▸ **WHAT THE TASK REQUIRES**:
Begin at the line containing "當天去的時候約11點多,已經" and restate it and each line after it exactly, up to and including the last line below. Leave pictures out.

───── INFORMATION GIVEN

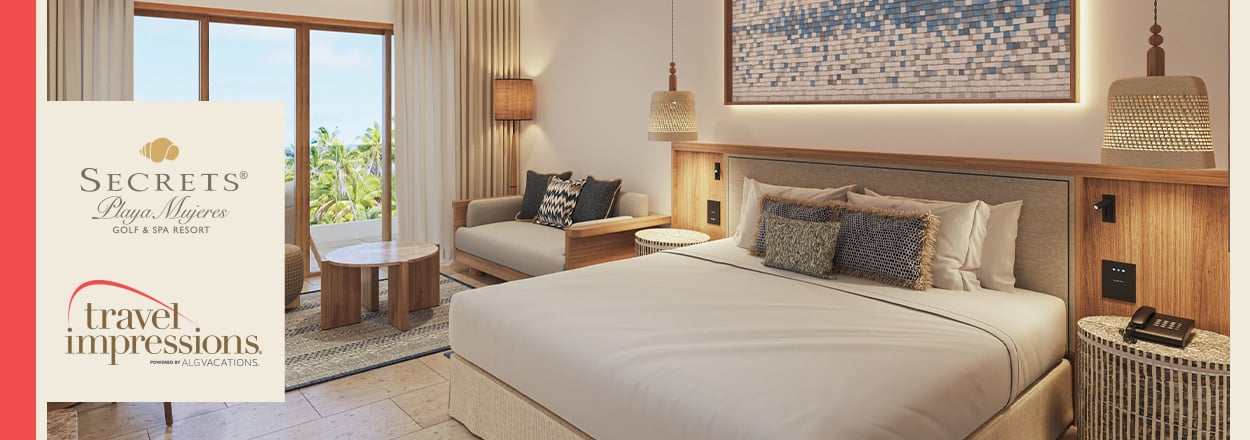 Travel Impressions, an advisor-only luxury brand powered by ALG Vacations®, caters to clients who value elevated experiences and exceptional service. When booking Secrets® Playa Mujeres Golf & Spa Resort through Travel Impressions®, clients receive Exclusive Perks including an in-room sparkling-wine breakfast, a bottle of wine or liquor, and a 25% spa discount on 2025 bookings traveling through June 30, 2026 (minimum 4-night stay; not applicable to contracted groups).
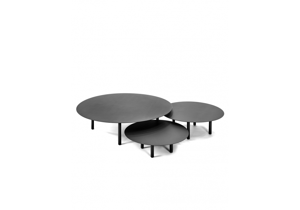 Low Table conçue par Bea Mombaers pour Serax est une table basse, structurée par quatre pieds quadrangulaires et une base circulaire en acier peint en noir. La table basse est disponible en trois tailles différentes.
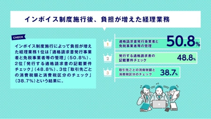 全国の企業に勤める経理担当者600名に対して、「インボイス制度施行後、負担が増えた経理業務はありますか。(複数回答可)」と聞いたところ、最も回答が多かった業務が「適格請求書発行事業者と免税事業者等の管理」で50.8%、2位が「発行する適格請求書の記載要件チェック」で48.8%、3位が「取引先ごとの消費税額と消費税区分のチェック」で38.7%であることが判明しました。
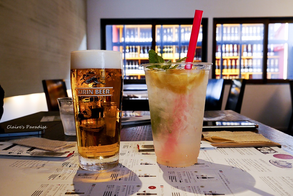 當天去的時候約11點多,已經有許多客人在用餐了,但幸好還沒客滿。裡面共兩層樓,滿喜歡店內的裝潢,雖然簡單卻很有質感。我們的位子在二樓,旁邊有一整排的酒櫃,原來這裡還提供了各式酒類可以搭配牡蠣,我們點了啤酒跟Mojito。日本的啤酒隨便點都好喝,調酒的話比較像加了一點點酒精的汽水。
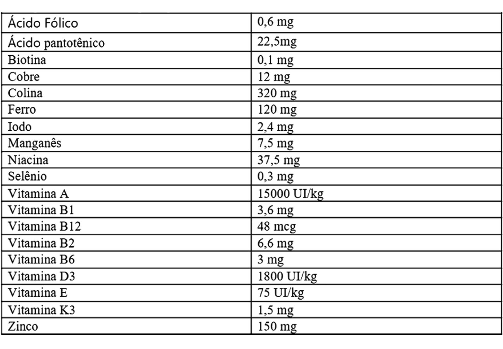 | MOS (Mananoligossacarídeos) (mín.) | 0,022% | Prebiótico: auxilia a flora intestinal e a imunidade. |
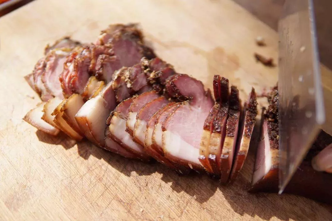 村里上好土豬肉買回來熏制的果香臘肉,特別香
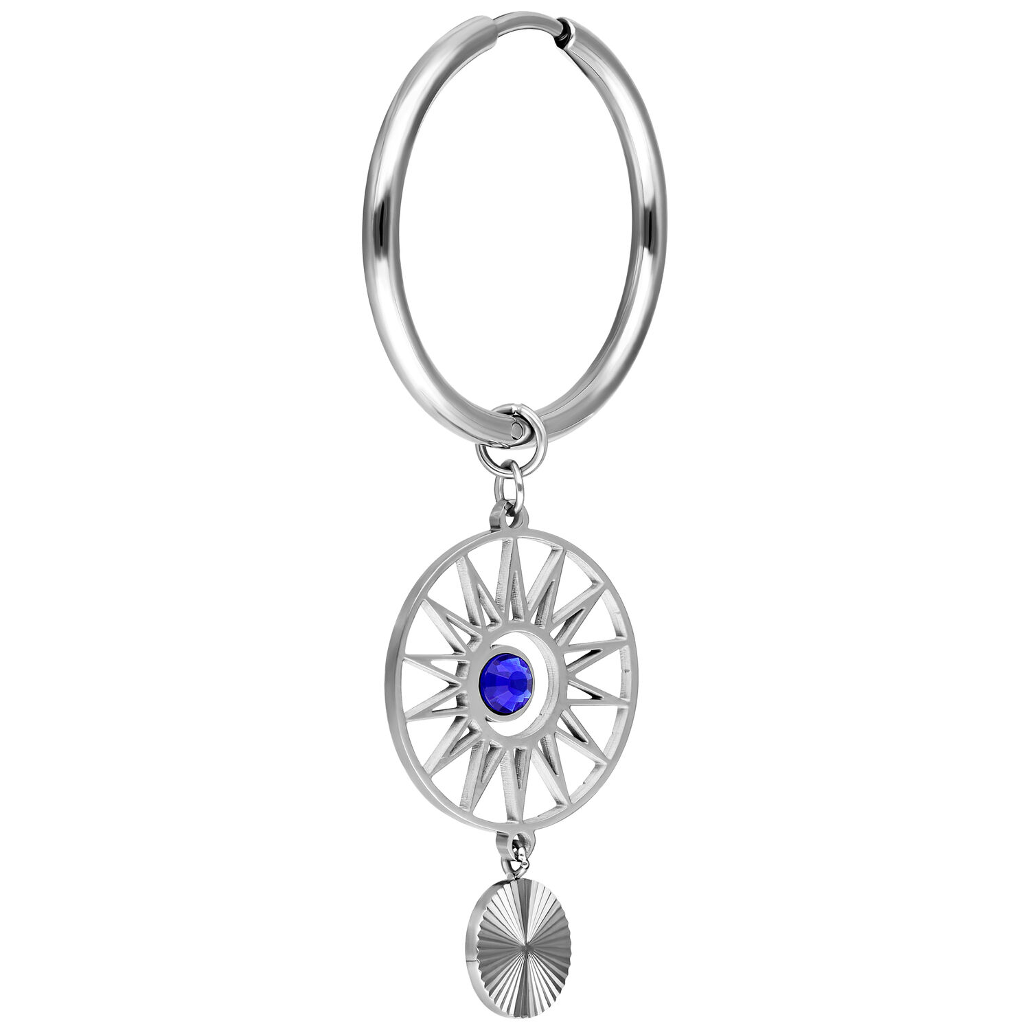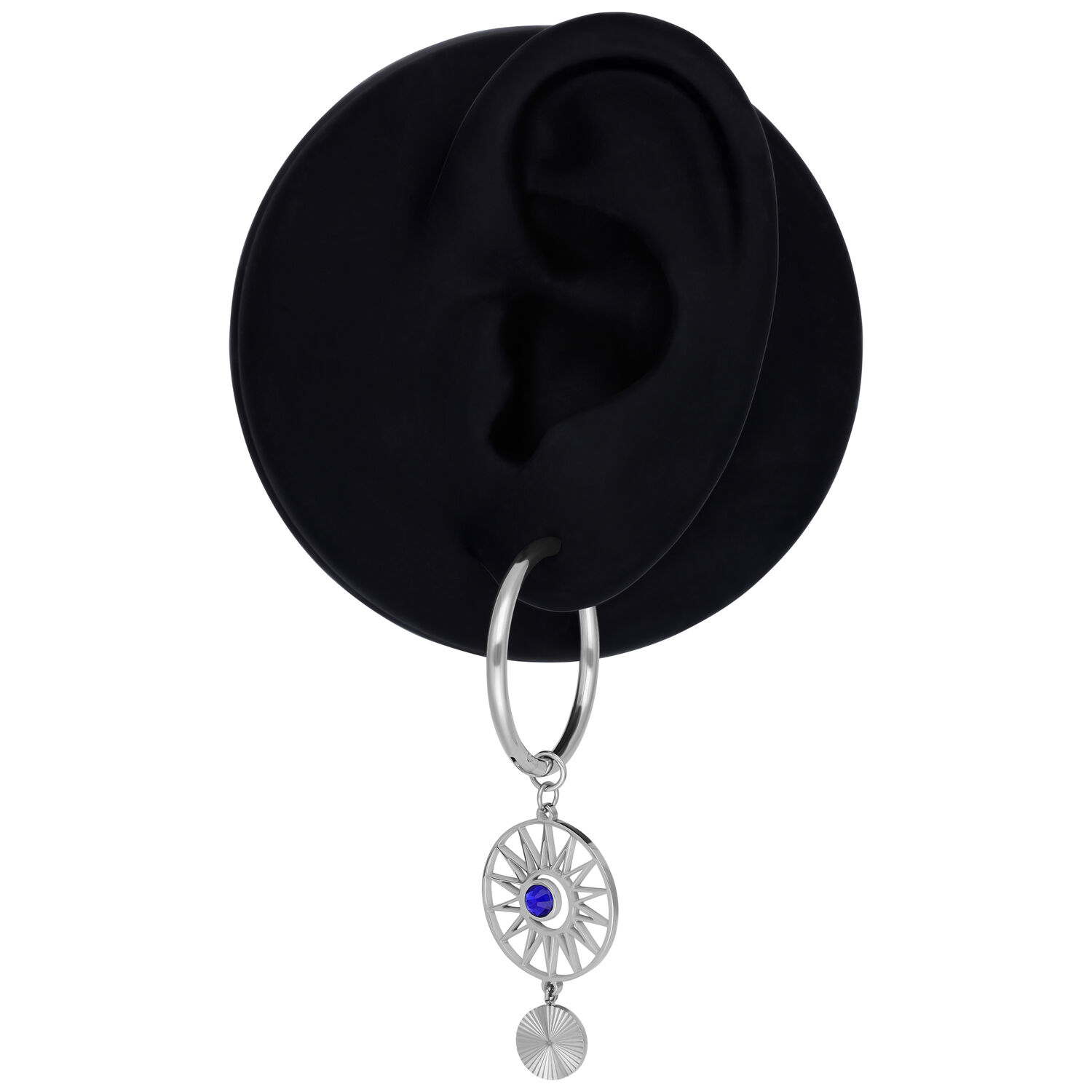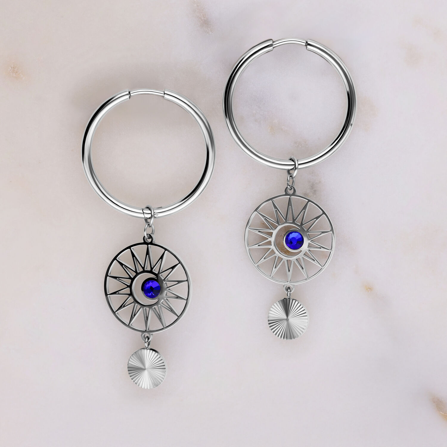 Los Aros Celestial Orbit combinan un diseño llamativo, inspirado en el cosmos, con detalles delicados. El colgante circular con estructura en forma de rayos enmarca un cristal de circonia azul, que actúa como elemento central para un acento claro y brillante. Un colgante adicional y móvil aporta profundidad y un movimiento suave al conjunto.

──────────

▸ **EXERCISE RESPONSE**:
 當天去的時候約11點多,已經有許多客人在用餐了,但幸好還沒客滿。裡面共兩層樓,滿喜歡店內的裝潢,雖然簡單卻很有質感。我們的位子在二樓,旁邊有一整排的酒櫃,原來這裡還提供了各式酒類可以搭配牡蠣,我們點了啤酒跟Mojito。日本的啤酒隨便點都好喝,調酒的話比較像加了一點點酒精的汽水。
 | MOS (Mananoligossacarídeos) (mín.) | 0,022% | Prebiótico: auxilia a flora intestinal e a imunidade. |
 村里上好土豬肉買回來熏制的果香臘肉,特別香
 Los Aros Celestial Orbit combinan un diseño llamativo, inspirado en el cosmos, con detalles delicados. El colgante circular con estructura en forma de rayos enmarca un cristal de circonia azul, que actúa como elemento central para un acento claro y brillante. Un colgante adicional y móvil aporta profundidad y un movimiento suave al conjunto.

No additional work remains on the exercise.